A method of diagnosing an evaporative emission control system of a vehicle, which vehicle includes an internal combustion engine (10) with an intake manifold, a fuel supply reservoir (26) including a vapour space (36) and means (20) for delivering air and fuel to the intake manifold to be drawn into cylinders for combustion, and a closed loop air/fuel ratio controller (32) for providing a closed loop adjustment of the ratio of air and fuel delivered to the intake manifold so as to maintain a predetermined ratio; the evaporative emission control system including a vapour collection canister (40) comprising an atmospheric air inlet (44) exposable to atmospheric air, a vapour line (50) connected between the vapour space and the vapour collection canister and a purge line (52) connected between the vapour collection canister and the intake manifold; the method comprising the steps of closing the atmospheric air inlet; applying a subatmospheric pressure signal to the purge line; sensing for the subatmospheric pressure signal; indicating a fault condition when the subatmospheric pressure signal is not sensed; characterised by storing the amount of closed loop adjustment when the subatmospheric pressure signal is first applied; and indicating a fault condition when the subatmospheric pressure signal is not sensed within a first time interval and when the difference between the amount of closed loop adjustment at the end of a second interval and the stored amount of closed loop adjustment is less than a predetermined value.

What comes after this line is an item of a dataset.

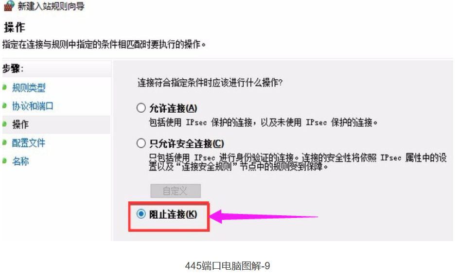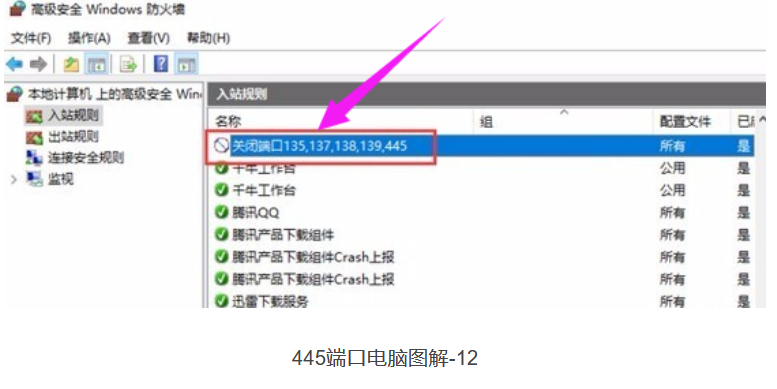 点击“协议和端口”,可以看到阻止连接的本地端口是之前设置的135,137,138,139,445,说明网络端口135,137,138,139,445已经阻止连接

A method according to claim 3, wherein the step of sensing for the subatmospheric pressure signal senses for the signal in the vapour space of the fuel supply reservoir.
A method according to claim 3 or 4, comprising the step of measuring the time for which the subatmospheric pressure signal is applied to the purge line; a fault condition being indicated when the subatmospheric pressure signal is not sensed within a predetermined time period from the application of the subatmospheric pressure signal.